The best way to think of this method would be like asking the backup server to backup “everything except” what the list says. Selective exclusion systems use rules that may define paths or extensions that the business deems as extraneous to its needs. These exclusions might add any folder named “Temp” or other temporary files noticeable because of their *.tmp extensions. Selective exclusion is only useful when you already have a system that deals with backing up the entire file system, which brings us to our next methodology.

Automatic Inclusion

This methodology takes into account every file on every machine (both virtual and physical) added to the backup schedule. Automatic inclusion will be an ideal solution for a business if it has unlimited storage space and bandwidth on its backups. The methodology may even work for companies with only a little bit of data to back up. However, in most cases, automatic inclusion is simply a starting point. Using selective exclusion, as mentioned above, allows a business to select which files and extensions the backups system can safely ignore. Automatic inclusion is a broad-brush solution that’s only useful by itself in some edge-cases.

Tag-Based Inclusion

Tags are useful utilities in any software environment. The same is true of backup since tags can help the system know which files are deemed essential. The shorthand for tagging is using the hashtag (#) symbol to define those tags beforehand. So, for example, a business can tag their relevant databases as #essential, while their test databases can get the #test tag. When the backup system is selecting tags for backup, it’ll choose anything that’s tagged as #essential, ensuring that the business never wasted storage space on backing up test data.

Default Inclusion

As Black Fin Marketing notes, some clients have data that they want to ensure gets backed up, even if no other rules apply to it. Default inclusion is the solution that works best in this situation. If a file or folder isn’t already included or excluded according to the backup schedule’s rules, it’s automatically added to the files and folders to back up. While this may bring about cases where one or more extraneous folders or files end up being backed up inadvertently, it’s a calculated risk. A business can’t restore data that is doesn’t have a backup for.

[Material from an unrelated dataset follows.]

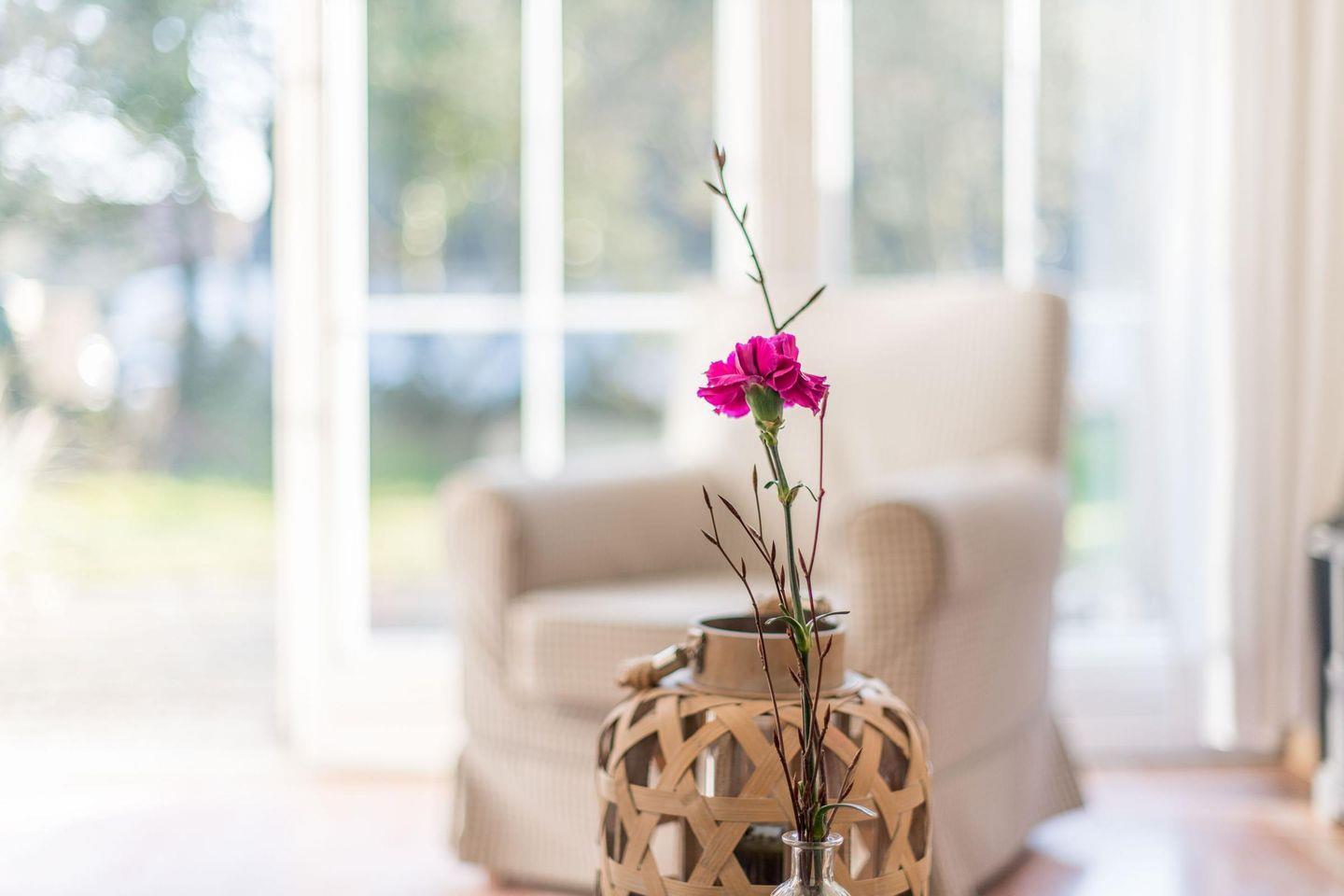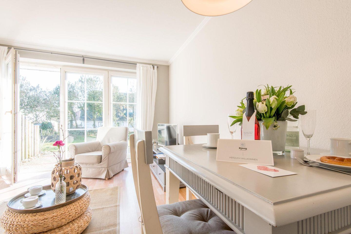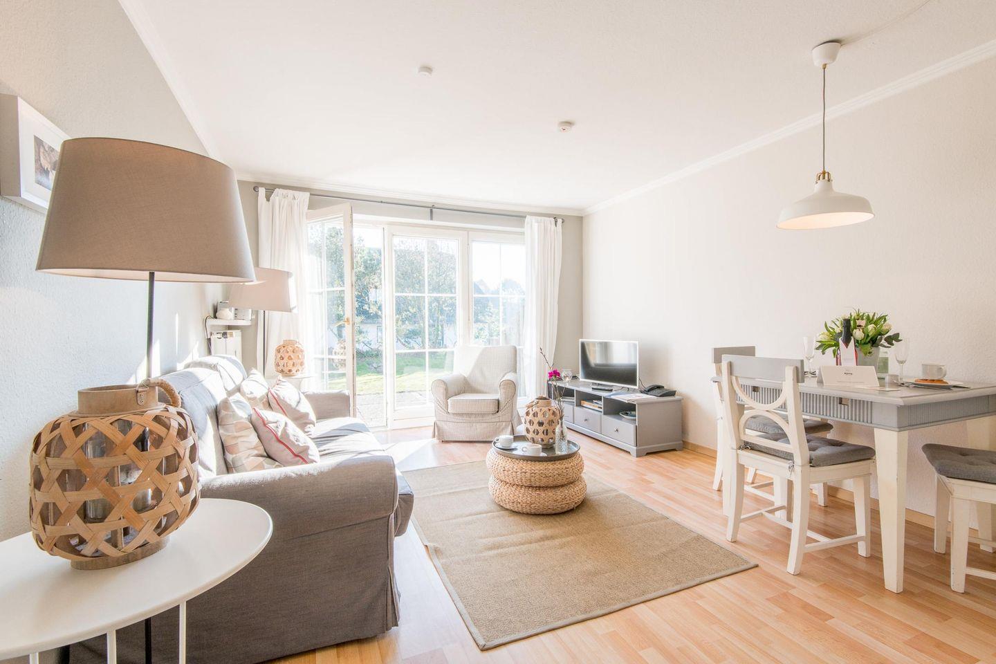 Das gemütliche Wohnzimmer ist mit einem ausziehbaren Schlafsofa (150x200 cm), einem Sessel und einem TV ausgestattet. Ein Esstisch mit 4 Stühlen ergänzt das Ensemble und sorgt für eine angenehme Atmosphäre. Vom Wohnzimmer haben Sie direkten Zugang zur möblierten Gartenterrasse nach Süden, die mit einem Strandkorb ausgestattet ist – ideal zum Entspannen an der frischen Luft.

Backing Up Data is Essential

Small Business Trends noted that in 2017, more than half of small businesses in America were woefully underprepared to deal with catastrophic data loss. Since then, with the rise of viruses and ransomware, many companies have taken a more proactive approach to data backups. These filtering methods for limiting the size of a backup (and, by extension, the amount of time it takes to create and restore that backup) can help a business be more efficient in saving its data. Many companies have opted to implement cloud-based backup solutions as more of them start using the cloud for their data storage and recovery. Whether we’ll see more businesses adopting this methodology in the future remains to be seen.


Big Data

PyTorch Multi-GPU Metrics Library and More in New PyTorch Lightning Release




PyTorch Multi-GPU Metrics Library and More in New PyTorch Lightning Release

PyTorch Lightning, a very light-weight structure for PyTorch, recently released version 0.8.1, a major milestone. With incredible user adoption and growth, they are continuing to build tools to easily do AI research.

By William Falcon, Founder PyTorch Lightning

Today [Recently] we released 0.8.1 which is a major milestone for PyTorch Lightning. With incredible user adoption and growth, we’re continuing to build tools to easily do AI research.

This major release puts us on track for final API changes for our v1.0.0 coming soon!

PyTorch Lightning

PyTorch Lightning is a very light-weight structure for PyTorch — it’s more of a style guide than a framework. But once you structure your code, we give you free GPU, TPU, 16-bit precision support and much more!


Lightning is just structured PyTorch


This release has a major new package inside lightning, a multi-GPU metrics package!

There are two key facts about the metrics package in Lightning.

  1. It works with plain PyTorch!
  2. It automatically handles multi-GPUs for you via DDP. That means that even if you calculate the accuracy on one or 20 GPUs, we handle that for you automatically.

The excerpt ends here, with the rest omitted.